The captain flinched. “Don’t shoot!”
But Boots melted the telekinetic’s chest with a well-placed bolt from her slinger. So one for one—not the worst record.
“Let’s go, girl! Hit the button!” Though he was ten feet from the docking bay blast door, he rolled under as it slid closed.
The captain lay on his back, panting, and Boots took her finger off the trigger of her slinger. With her free hand, she helped him up and looked at his leg. The wound oozed blood; she’d seen a lot worse in the war. He’d be okay to walk if he didn’t put too much pressure on it.
“They’re gonna break this door wide open in about fifteen seconds, Captain.”
“Yeah. Best we jet.”
They ambled down corridor after corridor, Cordell’s arm over her shoulder. The plan had been to hold the choke points, but they hadn’t been prepared for the sheer number of attackers. At that m
oment, soldiers were spreading throughout the ship, and Boots felt sure Mother was among them. The plan was to draw the troops back to Aisha’s choke point and assault from there, but the pilot would never take out enough of them.
Cordell tapped his comm. “How’s the hack coming, Hunter One?”
Orna’s voice came back to them, only a whisper. “Hunter Two is down.”
The words closed their fingers around Boots’s throat, and she had to stop. She stumbled into the wall, shoulder-checking it before sliding to her knees. Had she heard that right? Nilah was down?
“Is she dead?” asked Boots. “Did you see it?”
“I don’t know. There’s a lot of blood, and I had to … I needed to keep going,” said Orna.

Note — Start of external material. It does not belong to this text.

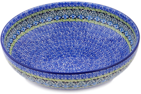 This Polish pottery Bowl is made by Ceramika Artystyczna workshop in Boleslawiec, Poland. Manufacturer item number H5703Q. It is 3" high and measures 10¾" by 10¾". The capacity of this Bowl is 83.3 oz when filled to rim and it weighs 3.4 lbs. The pattern was designed by artist Maria Starzyk. It is part of the Artistic Boho Collection.

Cordell sniffed, his lips a thin line. “I asked how the hack was coming. The rest of our lives depend on it.”
A bone-shaking thwump reverberated through the corridor, startling Boots to her feet. They were breaking through the blast door.
Cordell placed a hand to his ear. “Orna?”
“Yeah. The hack is coming. I’m on it.”
“Good,” he said. “Capital ships have all kinds of medical response—”
Spell bolts filled the hallway, sizzling against every surface. The captain traced his sigil while Boots returned fire, trying to buy them time. Troops rushed them, and a discus round came whizzing toward Cordell, its deadly white glow arcing from all sides. He sidestepped and spun, diverting the disc without trying to stop it head-on. The shot shaved flakes of magic from his shield before buzzing through a nearby wall, leaving a long gash.
The captain hit the ground hard, and Boots dragged him backward out of the blistering volleys, a red streak staining the ground behind him. Once they were out of direct fire, she turned him on his back, so she wasn’t dragging him on his open wound. She hauled him into a maintenance bay, taking a shorter route back to the next choke point.
“Not much farther, sir,” she huffed.
A soldier rounded the corner, and Boots let go of Cordell long enough to pop off two shots, striking the soldier in his hand. He stumbled backward in hysterics, and Cordell tossed a frag grenade after him. Boots hit the deck, covering the captain with her body as the explosion cleared out a few more of the invaders.